(PROVIDED ENTRIES begins)

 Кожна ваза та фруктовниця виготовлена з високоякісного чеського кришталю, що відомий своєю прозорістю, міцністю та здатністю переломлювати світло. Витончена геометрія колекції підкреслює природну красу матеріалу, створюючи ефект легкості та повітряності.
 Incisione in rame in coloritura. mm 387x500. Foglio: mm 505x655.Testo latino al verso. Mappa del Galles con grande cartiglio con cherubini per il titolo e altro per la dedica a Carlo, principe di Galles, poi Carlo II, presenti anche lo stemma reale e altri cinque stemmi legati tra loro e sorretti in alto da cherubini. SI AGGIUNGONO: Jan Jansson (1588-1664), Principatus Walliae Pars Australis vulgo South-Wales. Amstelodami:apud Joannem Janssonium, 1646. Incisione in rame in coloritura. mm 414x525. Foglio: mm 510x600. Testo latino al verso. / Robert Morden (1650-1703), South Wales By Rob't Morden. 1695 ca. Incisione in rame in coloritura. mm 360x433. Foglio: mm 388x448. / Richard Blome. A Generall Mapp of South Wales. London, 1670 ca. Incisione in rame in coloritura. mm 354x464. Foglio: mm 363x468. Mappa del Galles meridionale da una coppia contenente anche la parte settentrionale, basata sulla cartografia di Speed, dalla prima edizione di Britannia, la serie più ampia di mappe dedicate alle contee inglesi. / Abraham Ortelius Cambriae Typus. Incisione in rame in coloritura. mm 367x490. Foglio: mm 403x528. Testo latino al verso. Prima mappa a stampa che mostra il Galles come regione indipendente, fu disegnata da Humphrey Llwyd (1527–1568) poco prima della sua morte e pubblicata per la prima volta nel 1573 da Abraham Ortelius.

(PROVIDED ENTRIES ends)
(PROVIDED ENTRIES begins)

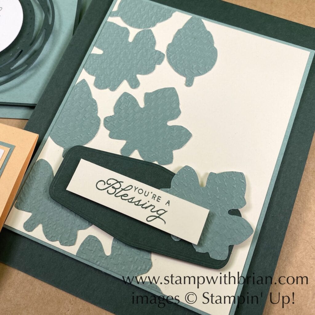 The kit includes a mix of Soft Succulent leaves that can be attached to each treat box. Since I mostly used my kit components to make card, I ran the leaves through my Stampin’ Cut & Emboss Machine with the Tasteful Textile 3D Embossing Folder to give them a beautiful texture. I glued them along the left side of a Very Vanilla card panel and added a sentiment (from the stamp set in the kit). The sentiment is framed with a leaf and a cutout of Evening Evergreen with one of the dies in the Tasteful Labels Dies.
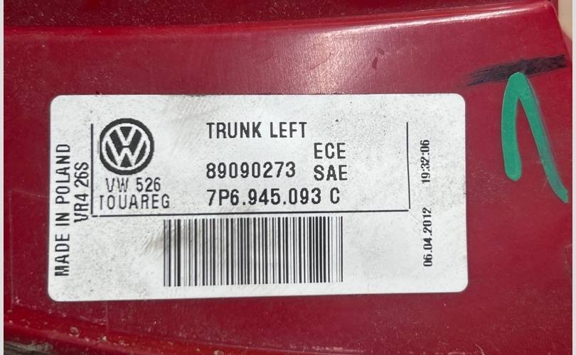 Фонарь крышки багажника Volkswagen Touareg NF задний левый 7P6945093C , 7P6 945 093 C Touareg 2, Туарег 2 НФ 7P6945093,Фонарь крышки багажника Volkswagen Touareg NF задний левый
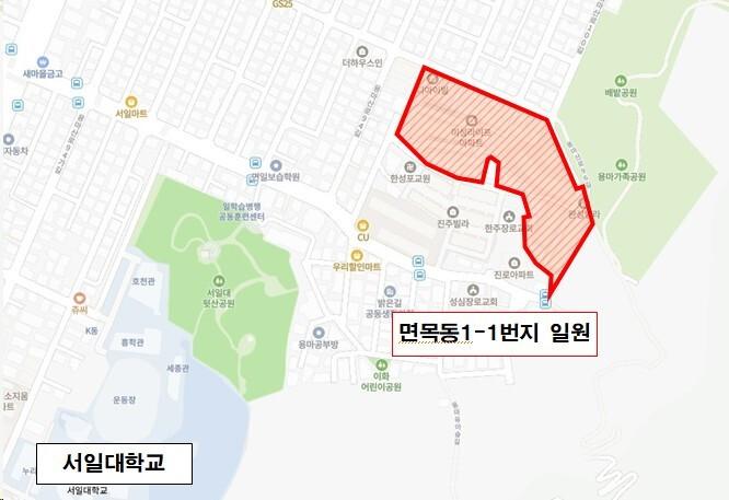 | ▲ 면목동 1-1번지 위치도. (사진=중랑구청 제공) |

(PROVIDED ENTRIES ends)

▸ **EXERCISE PROMPT**
An exact transcription is needed of the lines from the one with "задний левый 7P6945093C" to the one with "(사진=중랑구청 제공) |" above, both ends included, with pictures left out.

▸ **TASK ANSWER**
 Фонарь крышки багажника Volkswagen Touareg NF задний левый 7P6945093C , 7P6 945 093 C Touareg 2, Туарег 2 НФ 7P6945093,Фонарь крышки багажника Volkswagen Touareg NF задний левый
 | ▲ 면목동 1-1번지 위치도. (사진=중랑구청 제공) |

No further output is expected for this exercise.